09/17/2025 | Press release | Distributed by Public on 09/17/2025 14:38
"Dangerous flooding also threatens Maryland communities further inland as heavy precipitation and severe storms have become more common. As of August 1st, Maryland has already recorded the most flash flood warnings in 2025 since 2020. Two years after Ellicott City was hit by a 1-in-1000 year catastrophic flash flood in 2016, which took the lives of two Marylanders, damaged over 100 businesses and 107 homes costing over $22 million in repairs, and reduced economic activity by $67.2 million, another flash flood once again destroyed the city's Main Street and led to the death of one person. Recent flooding in the Mid-Atlantic led to the death of a child swept away by flood waters and over 200 children and students being evacuated from an elementary school in motorized boats in Western Maryland. The flood damaged drinking water systems and roads, highlighting the dangers facing all Marylanders as extreme weather wreaks havoc on the state's infrastructure and local economies," they continued.
"We urge you to put the welfare of people over that of polluters and maintain the Endangerment Finding. Marylanders and communities across the country should not be left to foot the bill for the climate chaos caused by polluters," they concluded.

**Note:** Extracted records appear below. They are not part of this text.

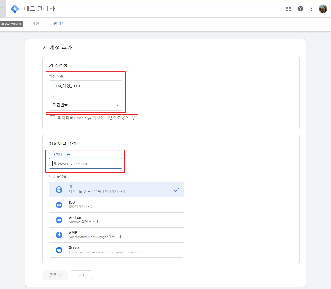태그 관리자가 처음이면, 계정부터 생성해야 합니다. '계정 만들기' 클릭 후, 계정이름, 국가:대한민국을 설정해 줍니다.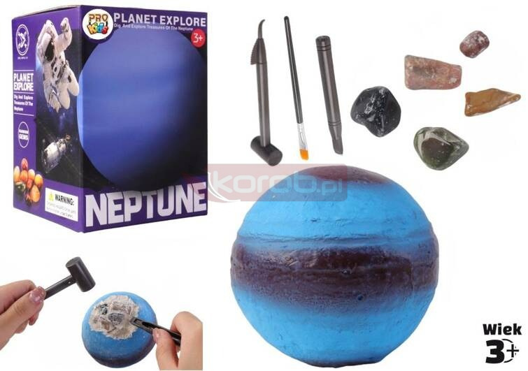 Odkryj kosmiczne skarby z zestawem "Wykopaliska Minerałów Planeta"! W środku gipsowej planety ukryty jest magiczny kryształ, który czeka, byś go odkrył. Używając dołączonych narzędzi - pędzla, dłuta i młotka - oraz kierując się instrukcjami, dzieci powyżej 4. roku życia mogą wydobyć minerał, ucząc się przy tym o kosmosie. Każda planeta kryje inny kamień, a dołączony katalog pozwoli zgłębić tajemnice minerałów. Bezpieczna, edukacyjna i kreatywna zabawa, nie wymagająca baterii, z realistycznymi kolorami planet. Idealna dla małych kosmicznych odkrywców!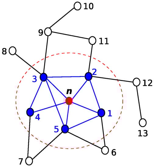 First of all, the definition of ego-networks is needed in order to understand the concept of egocentric centrality measures. By definition, an ego-network is a local subgraph consisting of a single node (ego) in addition to nodes that are connected to it (alters) and all the interconnection links among alters [,]. Figure 1 highlights a local subgraph where n represents ego and the one-hop neighbours (1, 2, 3, 4 and 5) denote the alters.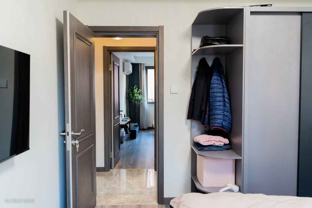 在装修上以沉稳的灰色为主,趟门衣柜外侧开放收纳区采用圆角设计,老人行动更加安全。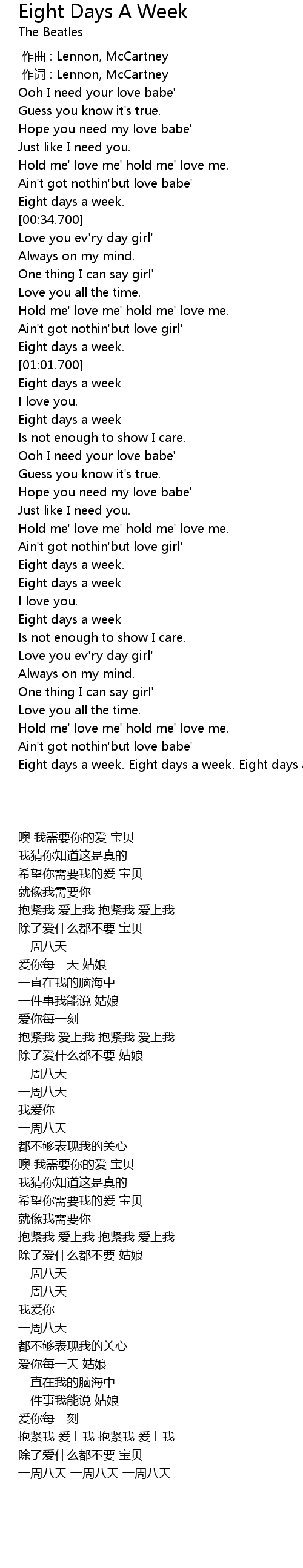 | [01:44.360] | Eight days a week |
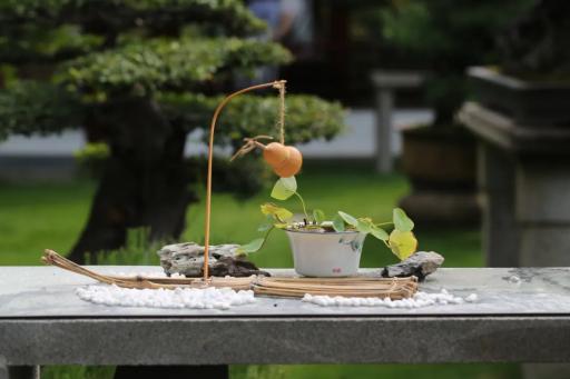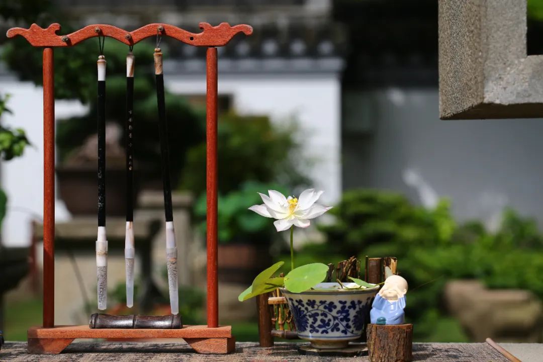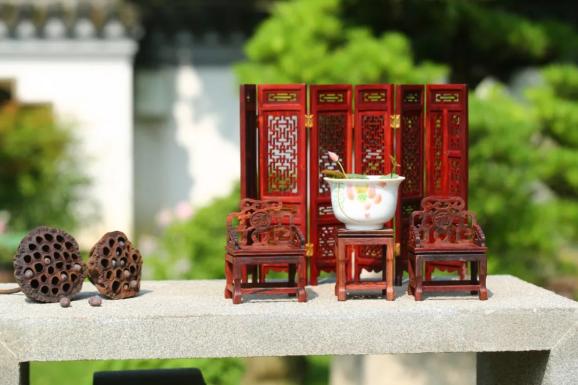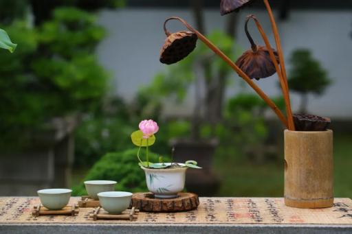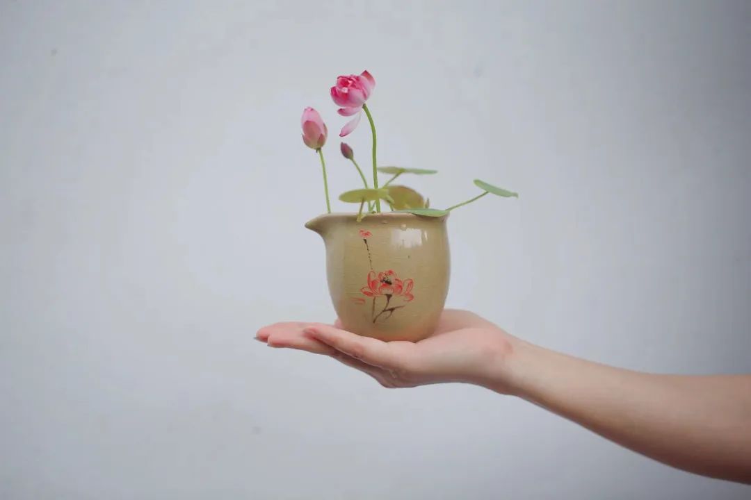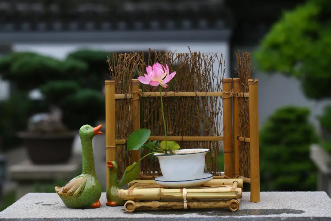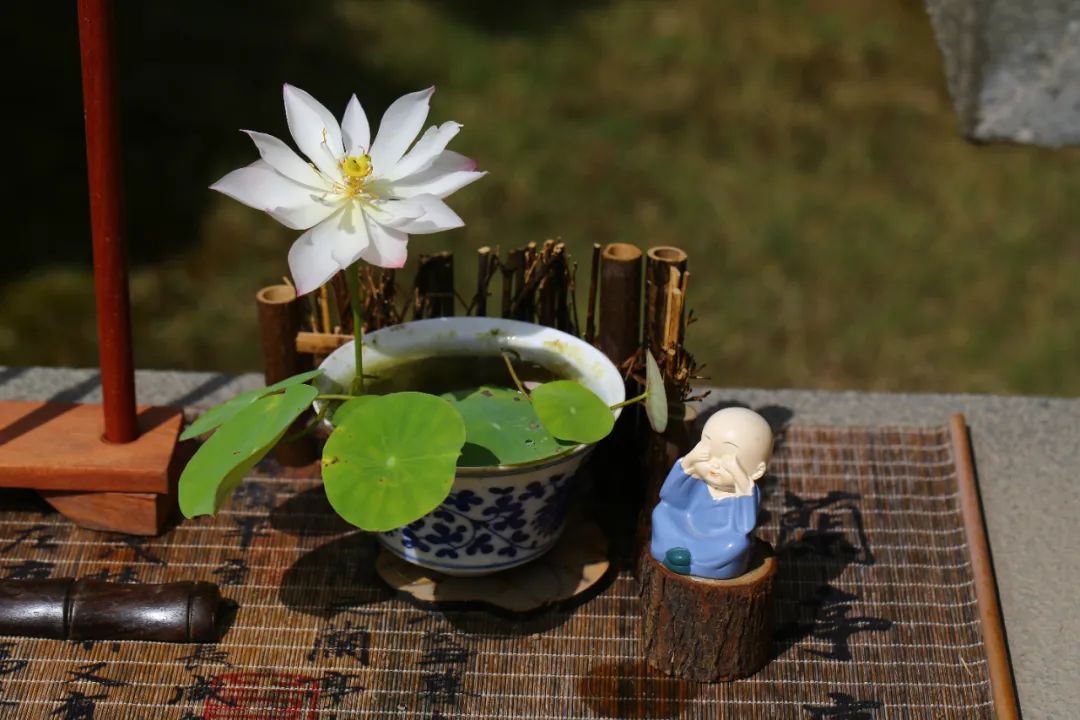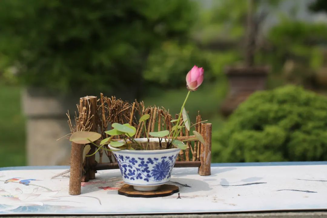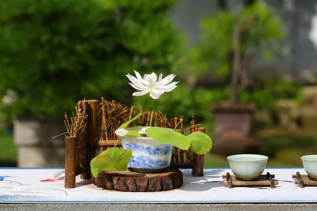 将茶杯碗莲与竹筏、木船、小桥、杯盏、毛笔、茶席等小品搭配,确能构成令人神往的意境,极富雅趣。话不多说,让我们来看看荷花睡莲展期间的作品吧。

Dear Administrator Zeldin:
We are deeply concerned by the U.S. Environmental Protection Agency's (EPA) proposal to eliminate the 2009 Endangerment Finding and what that will mean for Maryland and our constituents' health and safety.
The Endangerment Finding requires the EPA to protect people from the pollution that causes climate change. Denying the danger cannot change the facts: greenhouse gas emissions from fossil fuels are heating our planet and endangering us all.

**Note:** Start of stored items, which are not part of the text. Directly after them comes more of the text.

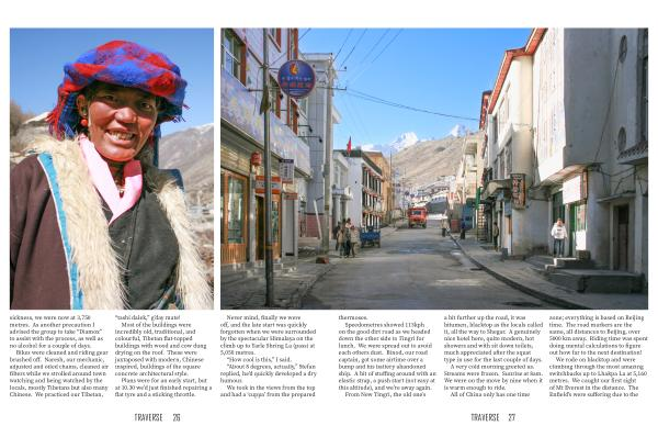 thermoses . Speedometres showed 113kph on the good dirt road as we headed down the other side to Tingri for lunch . We were spread out to avoid each others dust . Binod , our road captain , got some airtime over a bump and his battery abandoned ship . A bit of stuffing around with an elastic strap , a push start ( not easy at this altitude ), and we ’ re away again . From New Tingri , the old one ’ s a bit further up the road , it was bitumen , blacktop as the locals called it , all the way to Shegar . A genuinely nice hotel here , quite modern , hot showers and with sit down toilets , much appreciated after the squat type in use for the last couple of days . A very cold morning greeted us . Streams were frozen . Sunrise at 8am . We were on the move by nine when it is warm enough to ride .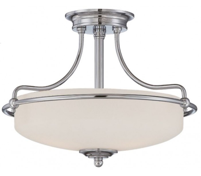Griffin semi-flush plafond i et sandt amerikansk design fra Quoizel. Lampen måler 43,2 cm i diameter og leveres til europæisk standard til 3 x E27 lyskilder. Lampen er udført i poleret kromlakeret stål og med skærm i satineret glas.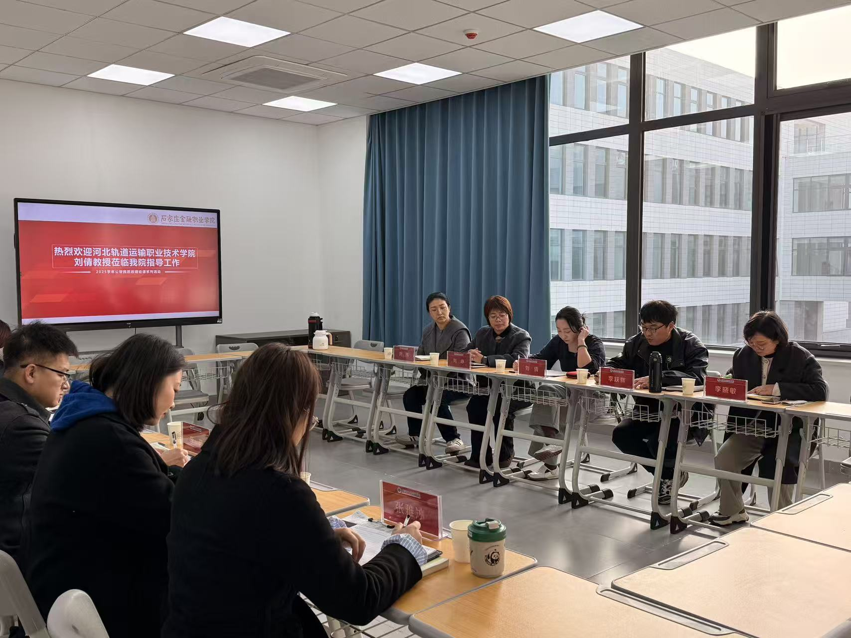 为深入贯彻落实《河北省公办高校帮扶民办高校思想政治理论课工作方案》精神,推动思政课建设高质量发展,促进公、民办高校优势互补与资源共享,2025年10月29日下午,河北轨道运输职业技术学院刘倩教授赴我校马克思主义学院开展“公帮民”调研交流活动。

The Endangerment Finding is based on settled science: decades of peer-reviewed scientific research have proven that rising global temperatures fuel stronger hurricanes, sea level rise, increased flooding, record-breaking heat waves, and other forms of extreme weather. The threats have never been more dire to communities across the country, including our constituents in Maryland.
Coastal communities in the Chesapeake Bay region are especially vulnerable to rising sea levels; in this region, seas have already risen one foot over the past century, twice as fast as the worldwide average, and are projected to rise nearly 3 more feet by 2100. More than 100 Maryland communities are at risk of 'nuisance flooding' from sea level rise. Almost a third of those communities are socioeconomically disadvantaged and do not have the resources to adapt to or mitigate the local impacts. Annapolis and Baltimore are experiencing some of the most frequent nuisance flooding events in the country, which have increased more than 920 percent since 1960. Further, Maryland farmers are expected to lose between $39 million and $107 million annually in crop yields due to saltwater intrusion.

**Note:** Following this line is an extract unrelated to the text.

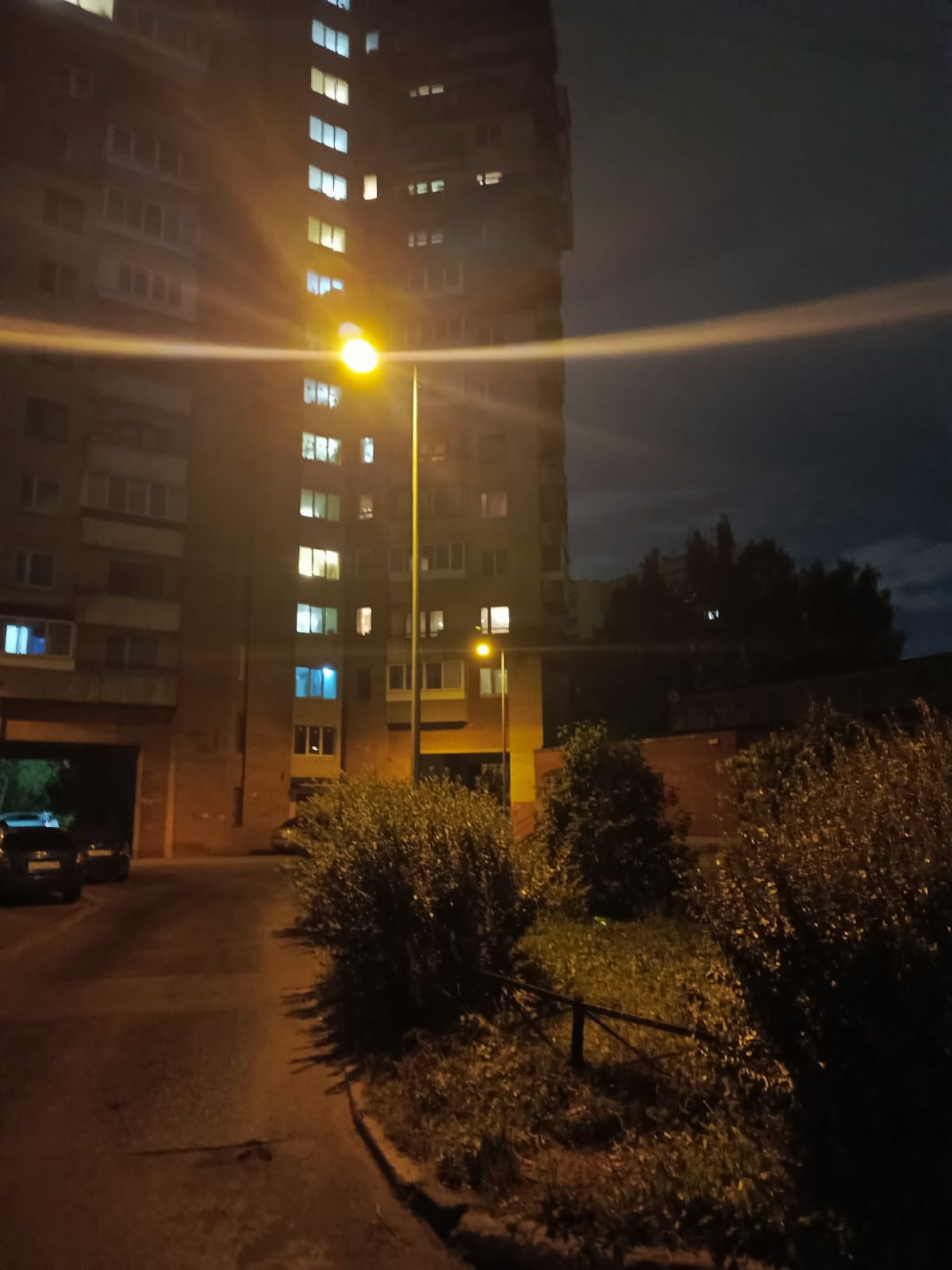Между 1 и 2 подъездом на опоре освещения очень сильно трещит светильник. Спать невозможно.

Dangerous flooding also threatens Maryland communities further inland as heavy precipitation and severe storms have become more common. As of August 1st, Maryland has already recorded the most flash flood warnings in 2025 since 2020. Two years after Ellicott City was hit by a 1-in-1000 year catastrophic flash flood in 2016, which took the lives of two Marylanders, damaged over 100 businesses and 107 homes costing over $22 million in repairs, and reduced economic activity by $67.2 million, another flash flood once again destroyed the city's Main Street and led to the death of one person. Recent flooding in the Mid-Atlantic led to the death of a child swept away by flood waters and over 200 children and students being evacuated from an elementary school in motorized boats in Western Maryland. The flood damaged drinking water systems and roads, highlighting the dangers facing all Marylanders as extreme weather wreaks havoc on the state's infrastructure and local economies.
As temperatures continue to rise, Marylanders, along with much of the rest of the nation, are threatened by heat waves of ever greater length and magnitude. Since 1900, average temperatures in Maryland have risen by roughly 2.5 ℉. During the 2024 heat season, there were 1,255 heat-related medical visits in Maryland - a 53% increase from the previous year - and 26 heat-related deaths. During the ongoing 2025 heat season, one heat wave alone in late June caused 472 people to go to urgent care or the emergency room, and resulted in 7 tragic deaths. In 2025, Maryland has already had more heat deaths than in the past 13 years, having reached 29 lives lost in mid-August. A failure to seriously curtail greenhouse gas emissions will lead to hotter average temperatures and more frequent days in which the heat index crosses 105 ℉, threatening to increase heat-related illness and death even further.
The EPA is tasked with protecting the public from air pollution that endangers health and welfare, and this politically motivated attempt to eliminate the Endangerment Finding flies in the face of that core mission. As you know, eliminating the Endangerment Finding will undermine other protections against climate pollution: clean car and truck standards, power plant rules, oil and gas rules, landfill rules, and more. This amounts to giving polluters a free pass to pollute at the expense of families in Maryland and across the country. It means our constituents will face more climate chaos and more pollution, more health harms, and higher costs - just so the corporations responsible for the climate crisis can continue to rake in record-breaking profit.
We urge you to put the welfare of people over that of polluters and maintain the Endangerment Finding. Marylanders and communities across the country should not be left to foot the bill for the climate chaos caused by polluters.